A pious monk, one day, when he had been unusually fervent in his devotions, found his darkened cell suddenly illuminated by an unearthly light, and there stood before him a vision of the Saviour, his countenance beaming with godlike love, his hand outstretched with a gesture of kind invitation. At that moment rang the convent bell, which called the monk in the regular course of his duty, to distribute alms to the poor at the gate. For an instant he hesitated; but the next instant found him, true to the vow of charity, on his way to the gate. The poor relieved, the work of love complete, he returned in sadness to his cell, doubting not that the heavenly vision had taken flight.
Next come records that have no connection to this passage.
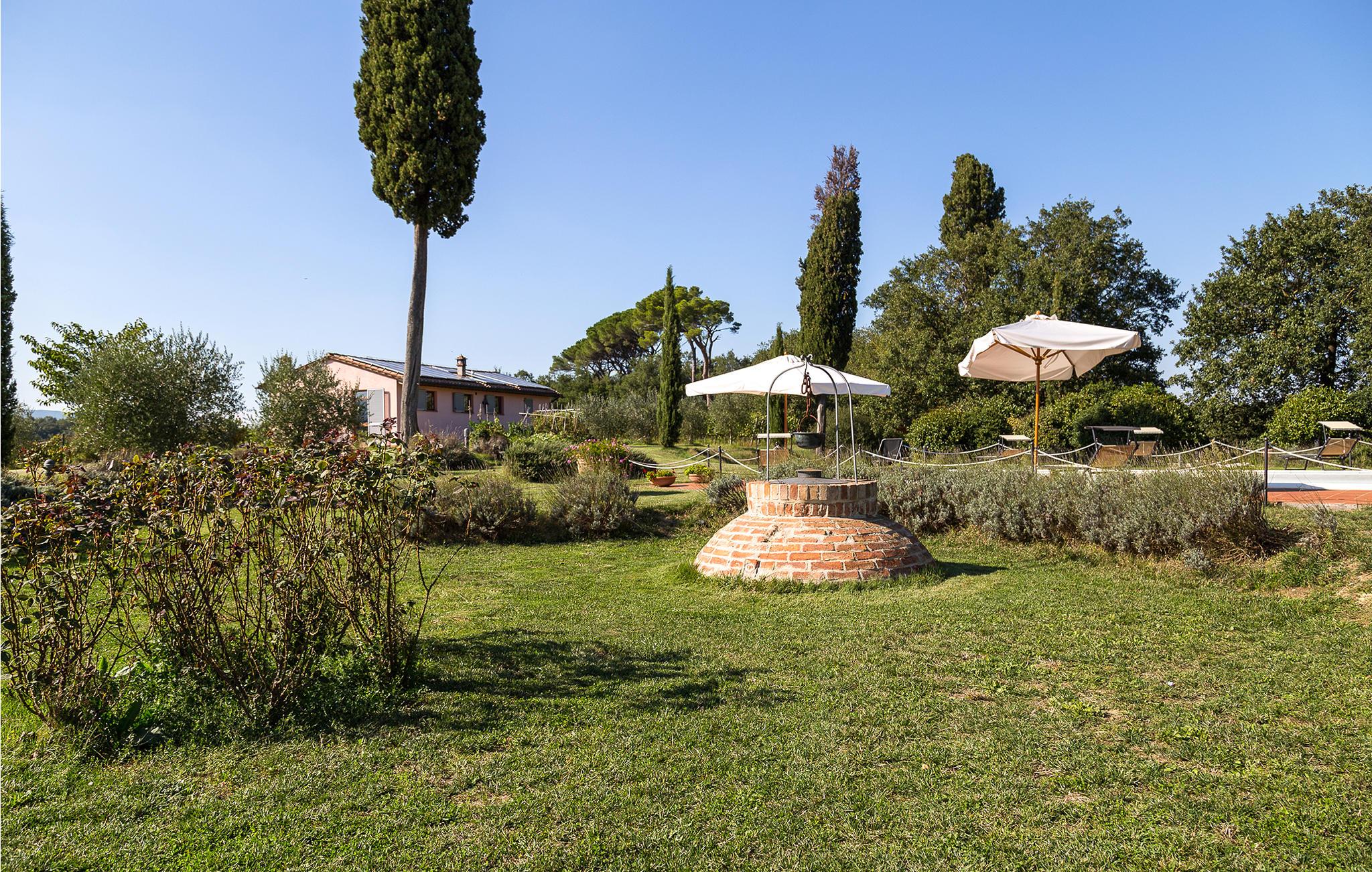 Dette skønne hus kan rumme op til 12 gæster. Den store private have med egen pool er et fantastisk sted at slappe af og nyde det vidunderlige toscanske klima. Her kan I begynde dagen med en lækker morgenmad eller afslutte dagen med et glas lokal vin, mens I beundrer udsigten til det omgivende kuperede landskab.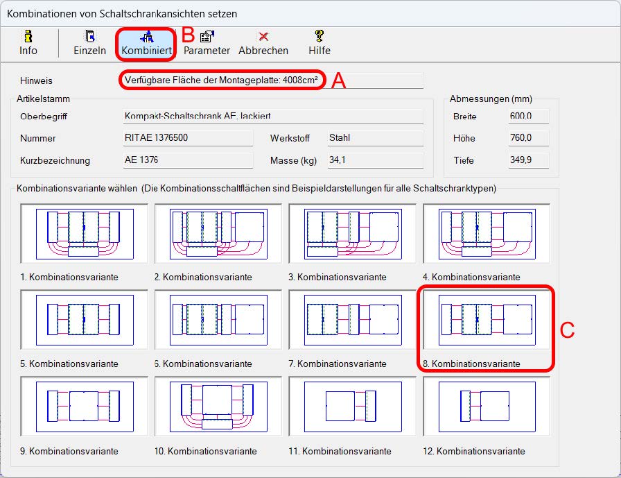 Nach der Auswahl des Schaltschrankes aus einem Hersteller-/Lieferantenkatalog öffnet sich der Dialog Schaltschrankansicht setzen. Jetzt kannst du wählen, ob beispielsweise nur die Montageplatte gesetzt werden soll oder ob du eine kombinierte Schaltschrankansicht setzen willst.
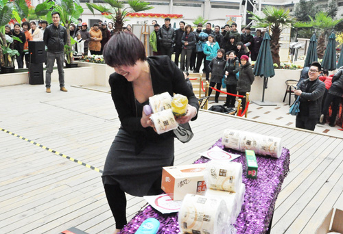 客户们参观完售楼中心并听取置业顾问对楼盘的讲解后,领取到参赛券,美女、辣妈们齐上阵,做着赛前的热身准备,随着一声令下,她们火速跑到对面的礼品区,争分夺秒的抢礼品,眼疾手快的美女、辣妈们出击就是稳准狠,几秒钟的时间里,选手们每个人抢到的礼品数量都颇为可观,赛场外亲友团的加油呐喊声也从未间断,现场气氛高涨。上午会展广场的比赛让美女们都意犹未尽,下午国际城的比赛精彩持续上演。活动在欢声笑语中结束,选手们都满载而归,此次活动受到了女性客户们的一致好评,也促进了当天的销售。

But, to his surprise and joy, it was still there, and with a smile even more full than before of divine beauty and ineffable love; and these words fell on his ear-" Hadst thou staid, I had fled."

INFLUENCE OF THE YOUNG.

TRULY, they err who say that youth is necessarily weak, and that it is incapable of exerting an influence, and therefore has no responsibility. "Tell me what is the character of the young, and I'll tell you the character of the next generation," said an old statesman. The children are the embodiment of the opinions and principles which shall rule the next age. Luther's schoolmaster always used to make a profound bow to his pupils when he entered the class-room, and when asked why he did it, he said he bowed to the future statesmen, and philosophers, and poets, who should rise up from among them.